Jérémie a lui menacé le chanteur de le "soulever" lui et "son daron, le bouffeur de queue". "Une insulte comme une autre", dit l'hôte d'accueil dans la vie. "Dans la vie d’un homme, il y a deux choses: la famille et la religion. Je me suis dit qu’il n’avait pas l’air de croire en dieu, je vais l'attaquer sur sa famille, je vais sexualiser ses parents comme lui l’a fait avec l’Église", assure le jeune homme se défendant de toute homophobie, lui qui habite le quartier du Marais à Paris "où la majorité de la population est gay".
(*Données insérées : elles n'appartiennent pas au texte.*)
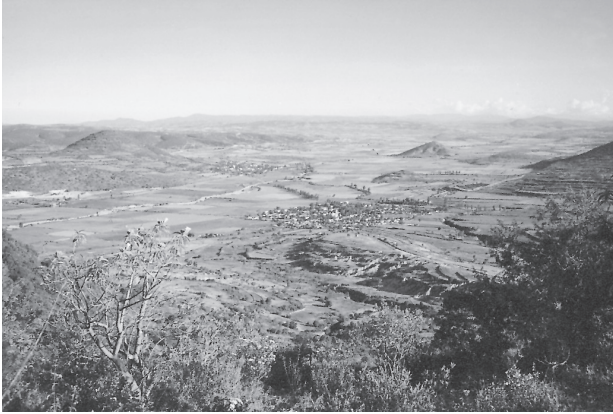
1. Het ruige gebied van de Mixteca Alta, met in de verte de archeologische vindplaats en stad Yucuita. Yucuita is de oudste nederzetting in Noord- en Zuid-Amerika die ononderbroken bewoond is geweest en gaat terug tot 1350 v.Chr.

Thomas, lui dit faire "le dinstinguo" entre les homosexuels et "l'idéologie LGBTQIA+ qui a une dimension militante assez agressive, particulièrement à l’égard de l’Église catholique". Eliott a fait par le passé des tests sur l'homophobie "avec un taux particulièrement élevé" relève la procureure. "De l'humour mal placé", dit le prévenu. La magistrate a fait par de son "doute" concernant la défense présentée par Jérémie, qui a balayé tout caractère homophobe dans son message.

"Sincères excuses"

Le procès de ces 17 prévenus révèle aussi la désinhibition des internautes sur les réseaux sociaux. Ils reconnaissent avoir écrit leur message, mais nient tout harcèlement. "J'ai été très étonné que M. de Pretto ait lu mon message, c'est une personnalité publique, il reçoit, j’imagine, des dizaines de messages par jour ", confie Eliott, qui avait posté comme message: "la hache pour toi". Ce fils de militaire regrette ce post. Sans regretter leurs mots, d'autres disent "ne pas avoir voulu nuire" à Eddy de Pretto, qui avait livré souffrir d'angoisses à la suite de cette vague de messages.

"Je suis déçu que M. de Pretto ne soit pas présent, j’aurais souhaité lui présenter mes excuses. J’espère que ses avocats lui transmettront mes sincères excuses, jamais je n’aurai imaginé les conséquences", conclut quant à lui Eliott, le dernier des prévenus à s'exprimer.